На этот раз это было уже не просто чистое пение, но теперь с текстом:
Аид справедлив и строг,
Его свет сияет на земле,
Наши сердца полны энтузиазма,
Когда мы входим в ваше святилище,
Ваш свет сияет на нас,
«Это… это новая ода Аиду?». — Сердца людей наполнились удивлением, а характерная мелодия была такой чудесной и великолепной. По мере того, как песня продолжалась, они стали глубоко тронуты святостью и идеалами, показанными в песне.
Бесчисленные люди преданно падали на колени, пели оду Аиду, слезы текли по их глазам.
Когда песня закончилась, некоторые люди все еще не могли прийти в себя, пока окружающие не закричали: «ДАВОС!»
Только тогда они поняли, что в какой-то момент на круглом алтаре перед храмом появился архонт Теонии и верховный жрец союза — Давос, одетый в белую одежду, с белым гиматием на голове и факелом в руке, а Плесинас с другим мужчиной-жрецом несли большое гладкое вогнутое бронзовое зеркало.
Глаза людей расширились от любопытства, так как среди государственных деятелей ходили слухи о жарких дебатах по поводу «священного огня храма Аида», ведь священный огонь — это не только символ греческих городов-государств, но и символ цивилизации.
Особенно это касается греческих городов-государств в западном Средиземноморье, где все города-государства являются колониями, поэтому священный огонь акрополя не зажигался от любого случайного источника огня, а брался основателями колонии из храмов их матери-государства и хранился до постройки нового города. Однажды зажженный огонь будет гореть из поколения в поколение, и память о своей родине будет передаваться следующему поколению!
Поэтому государственные деятели, родившиеся в Турии, во главе с Поллуксом, предлагают вновь зажечь ее афинским огнем, против чего решительно возражают Антониос, Аминтас и другие, и причина этого в том, что старой Турии больше не существует, а новая Турия — не дитя Афин!

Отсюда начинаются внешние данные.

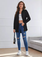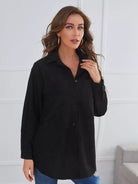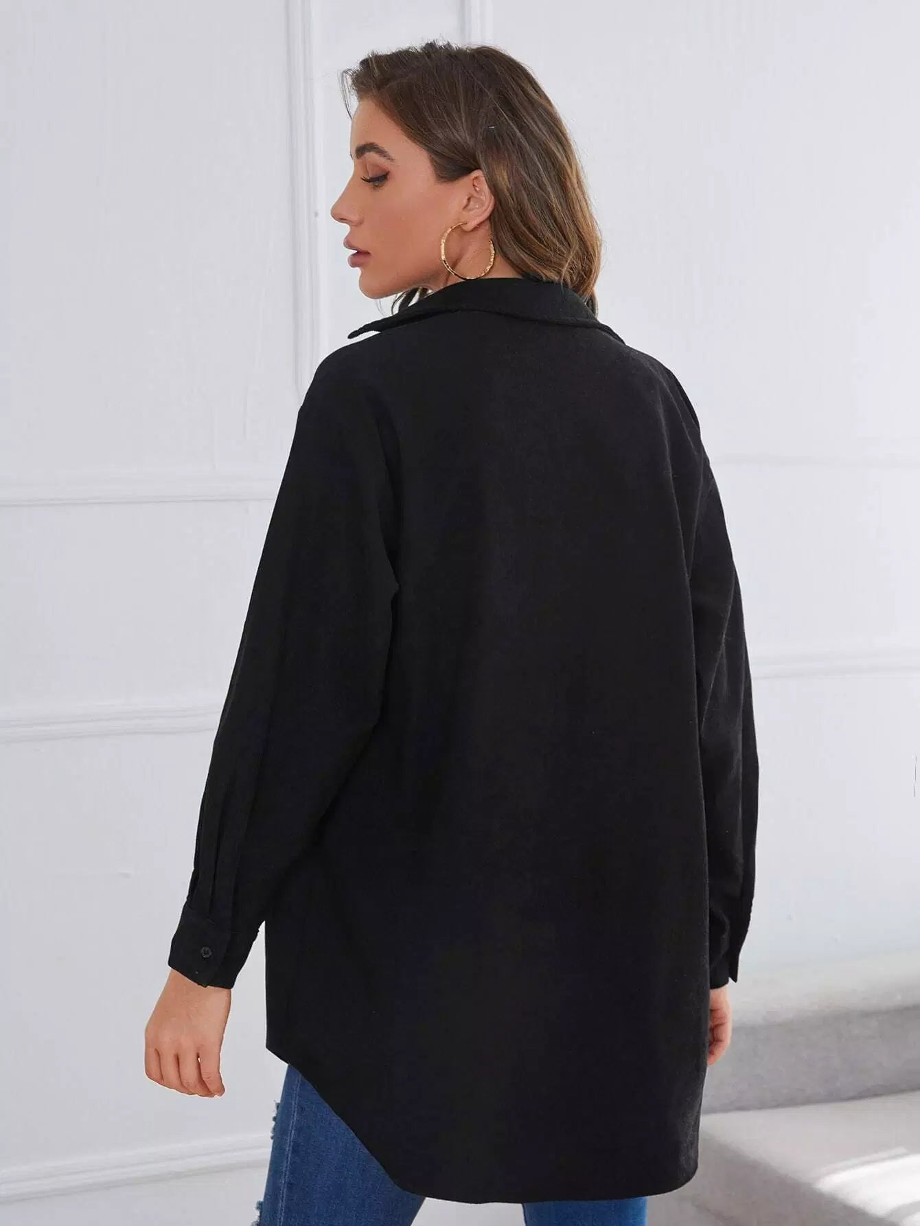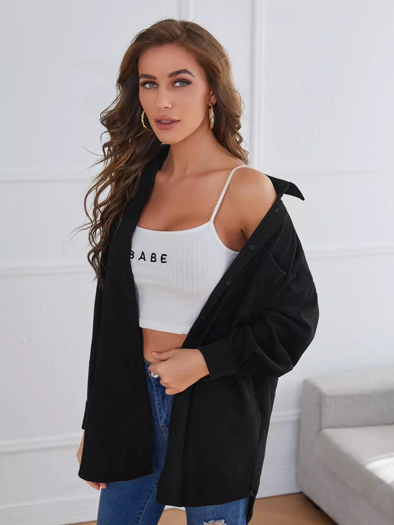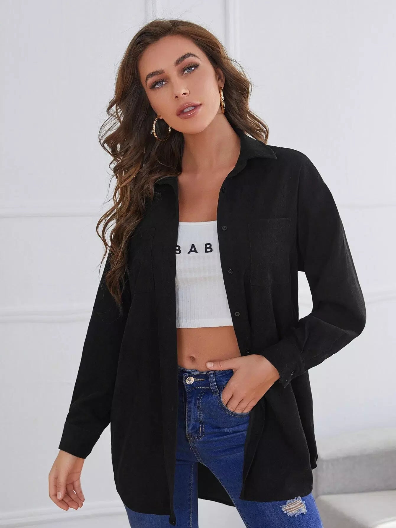 بلوزة من الدانتيل بكتف منسدلة ومزينة بجيوب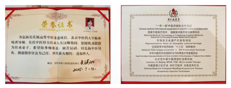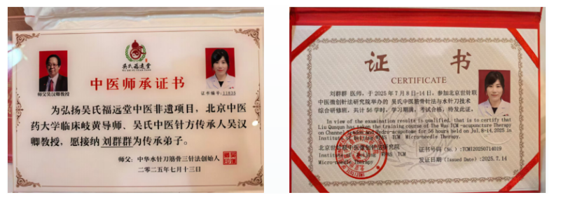 刘群群深知学海无涯,始终保持旺盛的求知欲。2025年7月,刘群群迎来专业成长的又一重要节点——正式拜师吴氏中医针法第五代传承人、中医筋骨针法与水针刀疗法发明人、北京中医药大学岐黄导师吴汉卿教授,成为其传承弟子。为了精进技艺,她还参加了北京世针联中医微创针法研究院举办的“吴氏中医筋骨针法与水针刀技术综合研修班”,不断完善知识体系。此次深造,让她将水针刀、筋骨针法融入自身诊疗体系,进一步拓展了在颈肩腰腿痛、头晕头痛、神经痛等痛症治疗上的维度,实现了“埋线+特色针法”的技术融合。

Что касается предложения Корнелия «зажечь его огнем из храма Зевса в Амендоларе», государственные деятели Турий посчитали, что Амендолары недостаточно, чтобы представлять весь Союз Теонии.
Между государственными деятелями разгорелся жаркий спор, и в конце концов Давос сказал: «Поскольку Теония — это недавно созданный союз городов-государств, у нас нет материнского государства, и мы единственный город-государство с храмом Аида в качестве нашего храма-покровителя в Средиземноморье. Я думаю, что Аид дарует нам священный огонь в день празднования храма, чтобы показать свою благосклонность к Теонии!».

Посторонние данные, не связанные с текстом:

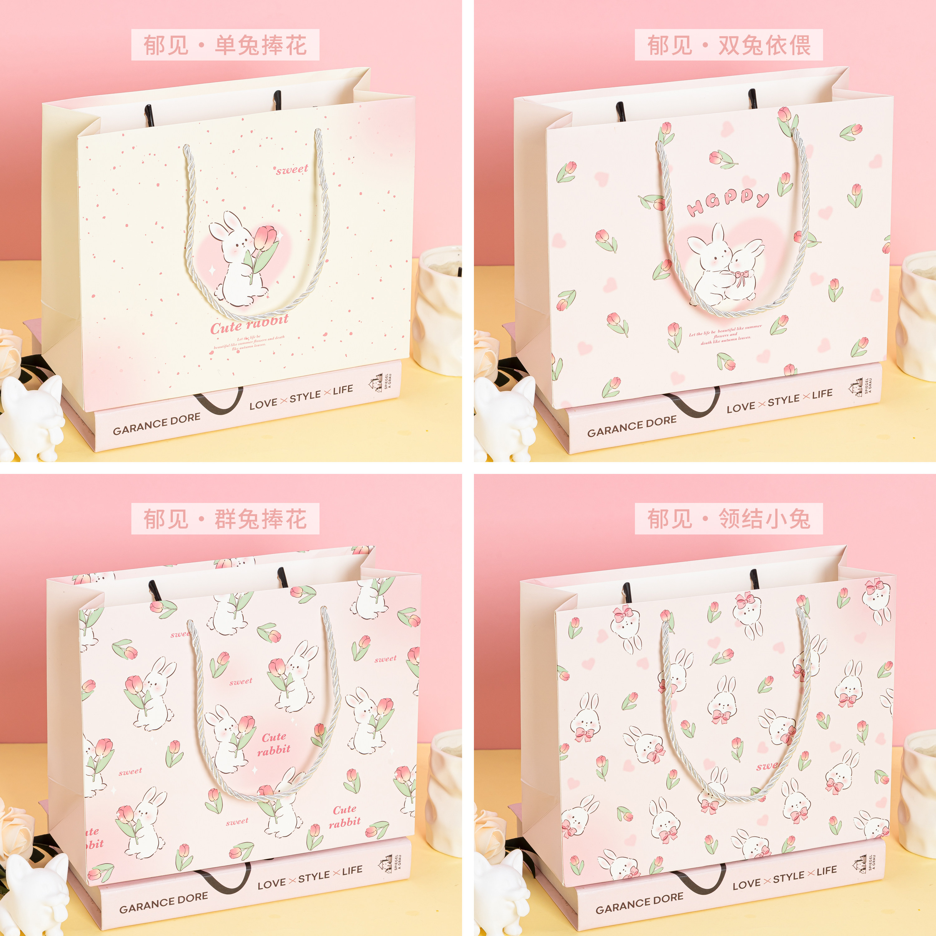 可爱卡通礼品袋白板纸三股绳手提袋大容量托特包包装袋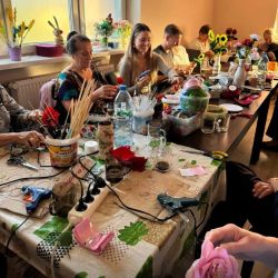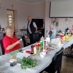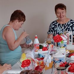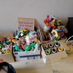 w dniu 27.05.2024r prowadzimy kiermasz upominków - kwiaty , misie, obrazki haftowane nićmi, haft koralikowy, flakony z kwiatuszkami oraz prowadziliśmy warsztaty robótek szydełkowych.

Его слова в тот же день разнеслись по всему городу, а вскоре и по всему Союзу. Теперь, кто бы они ни были — простые люди, государственные деятели Сената или только что узнавший об этом высокий гость, — все они с любопытством и волнением смотрели на незажженный факел в руках Давоса и ждали чуда.

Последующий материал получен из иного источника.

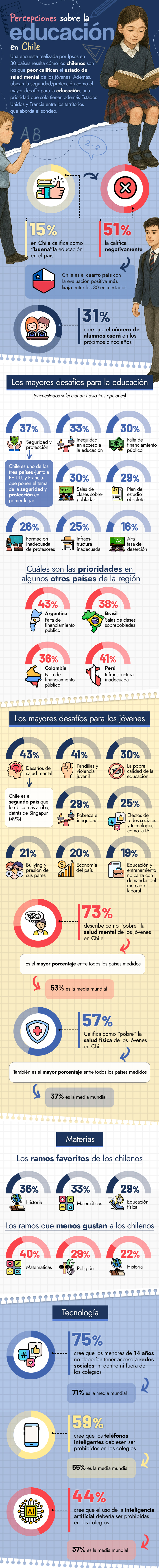 Chilenos ponen la seguridad como mayor desafío en educación y es el país que peor califica la salud mental de los jóvenes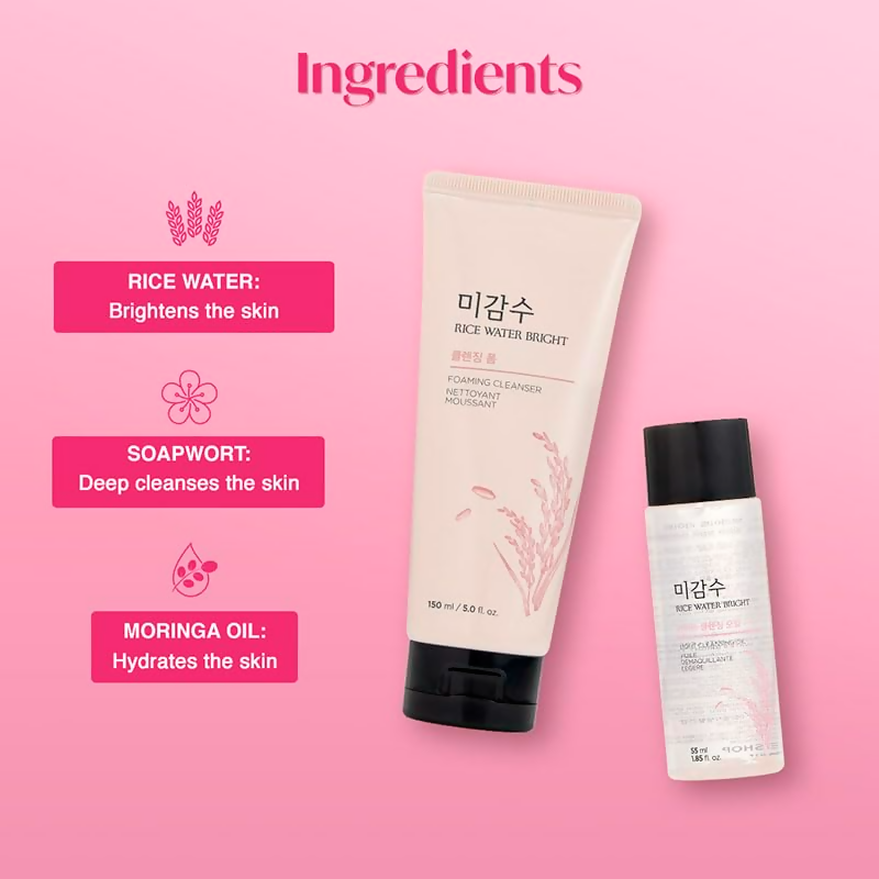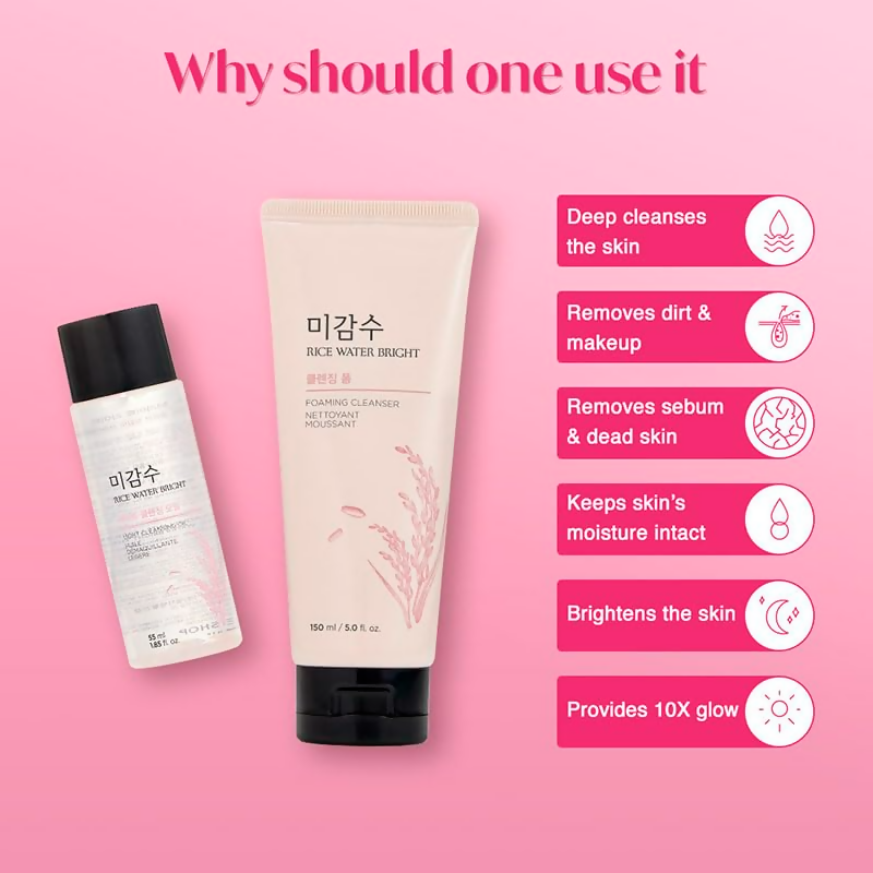 About the Product:- Experience the ultimate cleansing with the 2-Step Rice Water Bright Cleansing Kit, designed to effortlessly dissolve waterproof makeup and impurities, leaving your skin feeling pristine, rejuvenated, and moisturized. Whether used individually or together, this pair ensures a thorough deep-clean experience.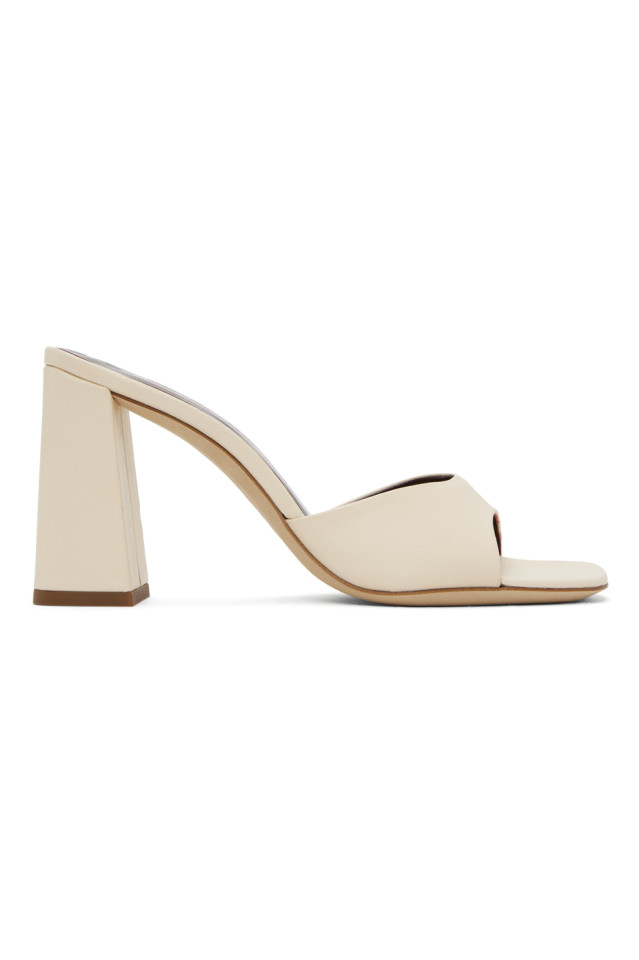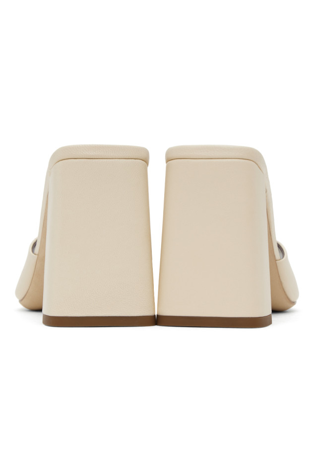 Босоножки из кожи наппа кремового цвета без застежек на каблуке.

Стоя лицом ко входу в храм, Давос торжественно опустился на колени перед алтарем, держа факел высоко в руке.
Плесинас и жрец отступили назад, старательно подняли бронзовое зеркало и медленно повернули его, чтобы отрегулировать угол, а затем сфокусировали горячий солнечный свет на скоплении обрывков папируса, торчащих из верхушки факела.
Жрицы вновь запели уже известную оду Аиду, и звук разнесся по небу.
В полдень солнце палило нещадно, но вспотевшие люди даже не замечали этого, поскольку их внимание было приковано к неподвижному Давосу.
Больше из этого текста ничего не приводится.